I hunted a shire x cob who was 15.3hh was fine, stayed out all day, jumped easily to 3ft 3" and was very safe. 

I also watched my OHs Clyde x cob plough horse clear 5ft fencing!!!!! 

Get riding again and find a loan/ share for now. I have been in and out riding, driving and intend to do some agricultural showing with heavies this year and not entirely know what i want right now. if you go up Scotland way there are a few Clydesdales that hunt and Robert Sampson hunts with Axle his Percheron ( breed I will own one day). You may find what you want in a breed you know.

But you you never know some horses have a habit of finding you, rather than you finding them, as did my mare.......


----------



## villa143love (Feb 20, 2013)

Do anyone have Zebra living in their house?

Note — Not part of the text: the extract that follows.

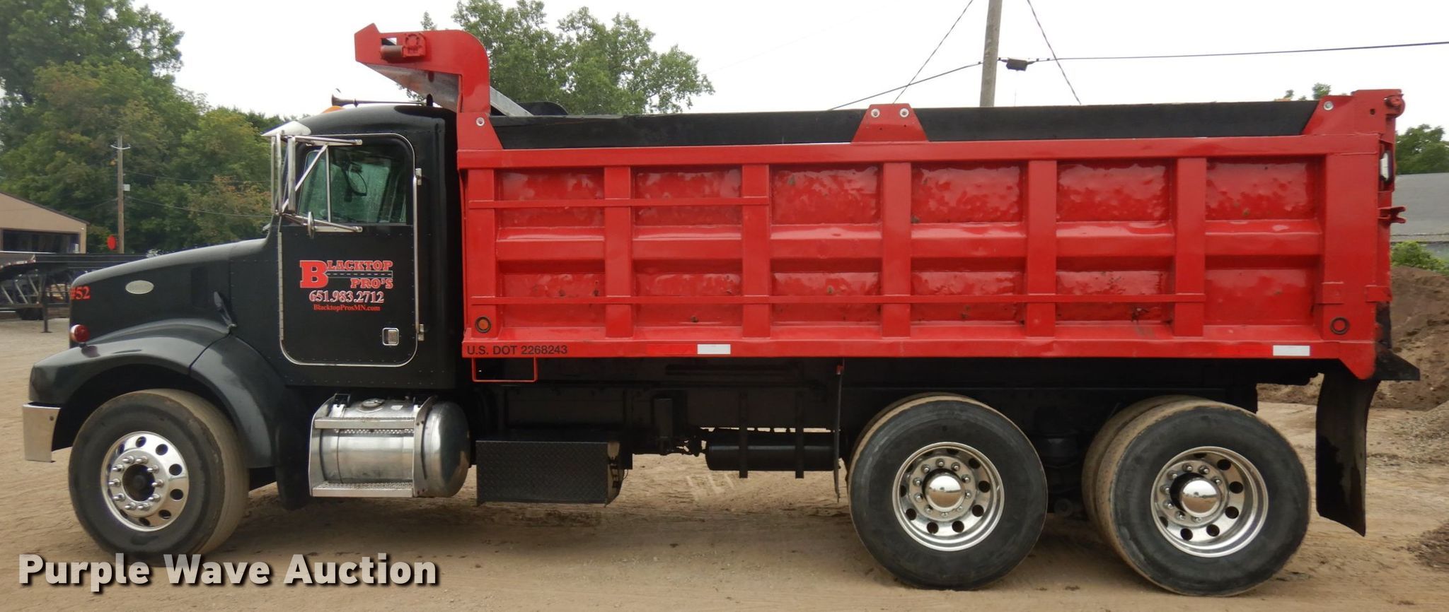 1999 Peterbilt 330 dump truck. 283,066 miles on odometer, Engine hours: 7,338. Engine Caterpillar 3126, Displacement: 7.2L, Cylinders: 6, Fuel type: Diesel. Transmission Manual, Speed: 10. Chassis Axles: Tandem, Differential lock: Full, Suspension: Walking beam, Brakes: Air, PTO, GVWR: 52,350 lbs, Wheelbase: 210". Interior AC, Heat, Heated mirrors, Cruise control. Operational Dump bed 16' L x 96" W, Side height: 40", Side board height: 7", Bed type: Steel, Ram: Single , End gate: Air operated. Tires Front: 315/80R22.5, Rear: 11R22.5. Minnesota title. Title distribution may be delayed up to 14 days from verification of funds. 1NPNLD9X3XS508166. Blacktop Pros. 815 Farrington St. Saint Paul, MN 55117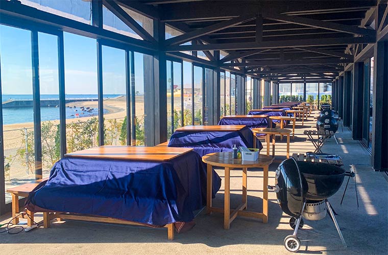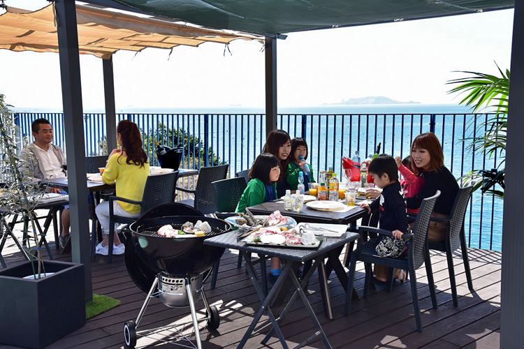 通常のランチ営業に加え、3日前までの予約で17:00以降のディナータイムにも対応。平日・休日問わず10人から予約可能で、兵庫県内屈指の人気デート&観光スポットである「網干の工場夜景」を臨みながらBBQや牡蠣パーティーを楽しむことができます。

Why does horses more exclusive than zebra?

hmmm.. hahaha


----------



## x clo x (Feb 24, 2012)

toffee44 said:


> I hunted a shire x cob who was 15.3hh was fine, stayed out all day, jumped easily to 3ft 3" and was very safe.
> 
> I also watched my OHs Clyde x cob plough horse clear 5ft fencing!!!!!
> 
> ...


i absolutely adore my shires, and in my heart thats what i want! showing starts again soon.. peterborough on the 15th yey!


----------



## Zayna (Apr 19, 2009)

I would love to go hunting but can't hack out on my mare.. too many issues. Do you have to have your own horse to hunt or are there places where you can 'hire' a ride?


----------